I need to use 'last' to search through a list of users who logged into a system, i.e.

last -f /var/log/wtmp <username>

Considering the number of bzipped archive files in that directory, and considering I am on a shared system, I am trying to include an inline bzcat, but nothing seems to work. I have tried the following combinations with no success:

last -f <"$(bzcat /var/log/wtmp-*)"
last -f <$(bzcat /var/log/wtmp-*)
bzcat /var/log/wtmp-* | last -f -

Driving me bonkers. Any input would be great!

Answer 1

You can only use < I/O redirection on one file at a time.

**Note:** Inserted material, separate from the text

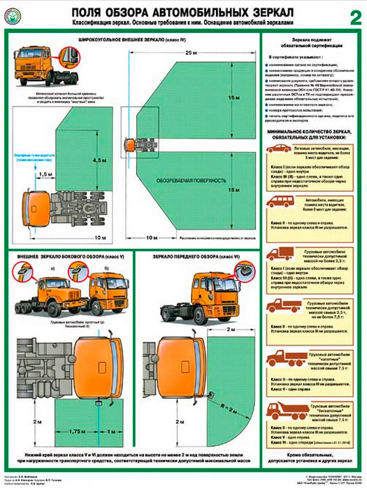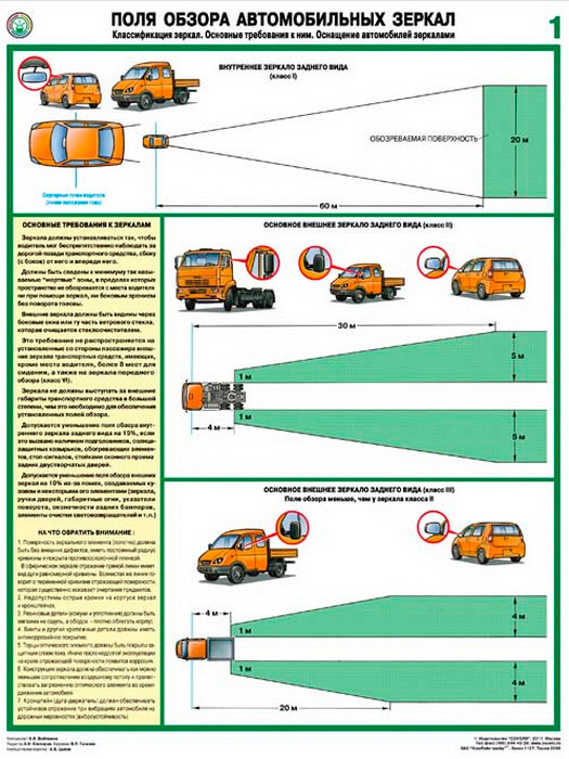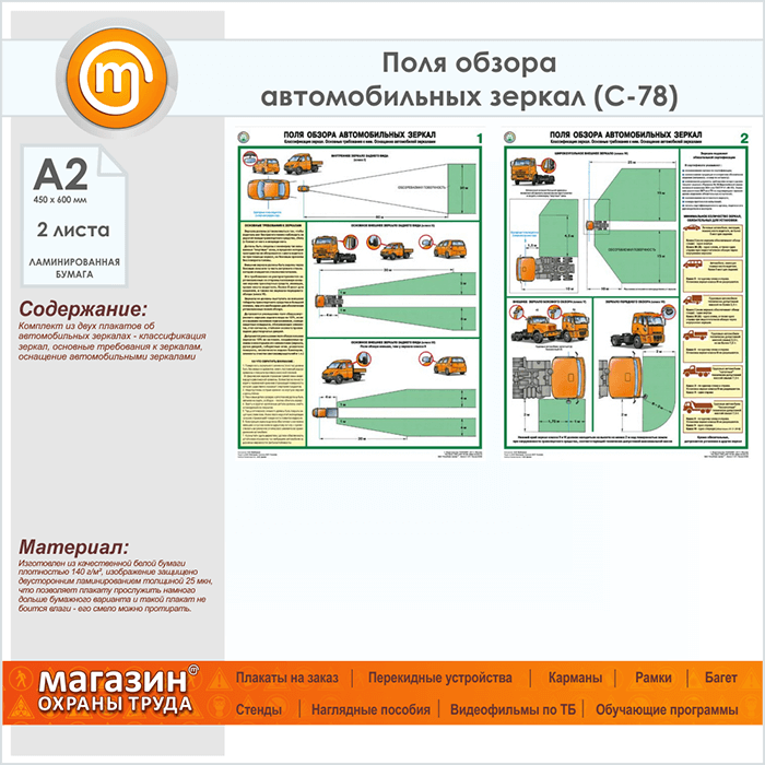 Плакаты «Поля обзора автомобильных зеркал» (С-78, ламинированная бумага, А2, 2 листа) в Иркутске купить

If anything is going to work, then the last line of your examples is it, but does last recognize - as meaning standard input? (Comments in another answer indicate "No, last does not recognize -". Now you see why it is important to follow all the conventions - it makes life difficult when you don't.) Failing that, you'll have to do it the classic way with a shell loop.

for file in /var/log/wtmp-*
do
    last -f <(bzcat "$file")
done

Well, using process substitution like that is pure Bash...the classic way would be more like:

tmp=/tmp/xx.$$   # Or use mktemp
trap "rm -f $tmp; exit 1" 0 1 2 3 13 15

for file in /var/log/wtmp-*
do
    bzcat $file > $tmp
    last -f $tmp
done

rm -f $tmp
trap 0

Answer 2

last (assuming the Linux version) can't read from a pipe. You'll need to temporarily bunzip2 the files to read them.

tempfile=`mktemp` || exit 1

for wtmp in /var/log/wtmp-*; do
    bzcat "$wtmp" > "$tempfile"
    last -f "$tempfile"
done

rm -f "$tempfile"